As a child, I did not know any blacks who voted. We could not vote. I recognized an ugly irony up close: Several of my relatives who had served as Marines and soldiers during World War II and the Korean conflict could not vote after returning to U.S. soil. They were not alone. More than 500,000 blacks fought, and many died, as members of racially segregated units during World War II. More than 600,000 served during the Korean conflict. Many died.
To keep blacks out of voting booths back then, whites used practices that included poll taxes, proof of residency, physical intimidation and even murder. The most effective tool, though, was the literacy test.
In 1964, during my first college summer break, I joined the Southern Christian Leadership Conference and traveled throughout the South with fellow students as a volunteer for the federally endorsed Voter Education Project.
Our job was to help register black voters. We had our clients memorize as much of their state constitutions as they could. We would drive the brave ones downtown where white registrars would ask constitution-related questions. Even many highly educated white citizens could not answer these questions. Of course, whites did not have to take the tests. Even after quoting entire sections of the constitutions verbatim, most blacks were deemed illiterate and were rejected.
But that was the easy part. Many blacks who tried to register were fired, evicted from their homes and forced off land they sharecropped. We students faced intimidation from mobs, public officials and law enforcement. We were arrested and beaten. Many of our offices were burned. A few times, we were shot at.
In some towns, we were warned to be outside the city limits by sundown. These places were appropriately named "sundown towns." In one Mississippi town, a sign read: "NIGGERS! Don't Let the Sun Set on Your Behinds in This Town." Being smart college kids, we were gone long before sunset.
My scariest experience came in Alabama, when a sheriff's deputy and a mob raided the tables we had set under a magnolia tree on an all-black college campus. The deputy massaged his holstered pistol as he cursed and hurled epithets. Every man in the mob carried either a baseball bat or an ax handle.

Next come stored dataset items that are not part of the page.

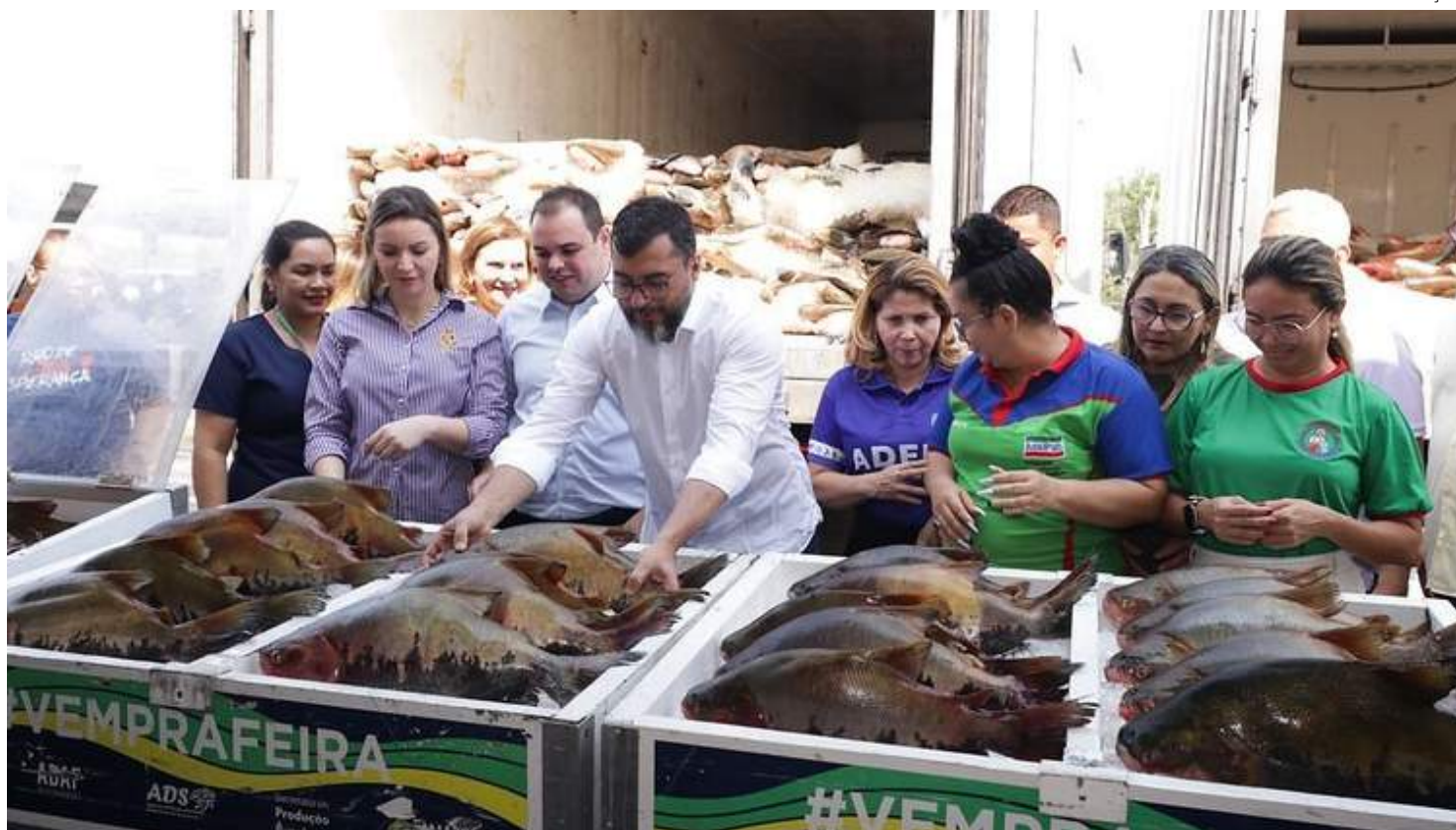
Wilson Lima anuncia doação de mais de 360 toneladas de peixe a instituições assistenciais do Amazonas

O pescado doado é proveniente de piscicultores da capital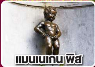
แมนเนเกน ฟิส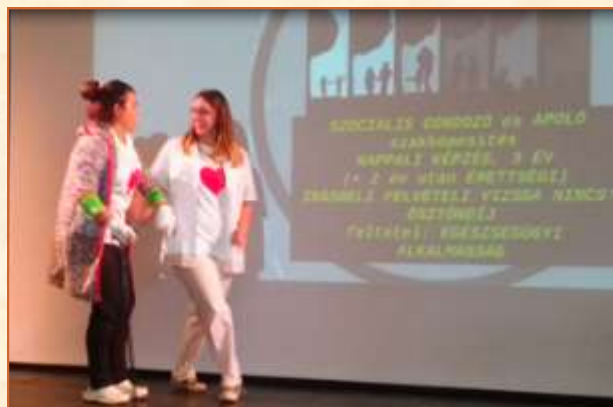
4. Szociális gondozó és ápoló

Ezt követően pedig a kedves érdeklődők megnézhatték, hogy a divat- és stílustervezők milyen ruhákat készítettek (galériánkat ld. a következő oldalon). Zárásul pedig zenés flash mobbal fejeztük be a félórás összeállításunkat. Tökéletes produkció, jó hangulat, összetartás és ZENE született a színpadon.

The mob battered our tables and chairs and ripped up our documents. Our leader was clubbed to the ground when he protested. We put him in the bed of our pickup and drove to a black church where we hid until the next morning.
Our next stop was Selma.
I was a changed young man after returning to college that fall. I had learned that the vote was a right brave people would die for. I learned, too, that taking away the vote is the most effective way to disenfranchise entire groups.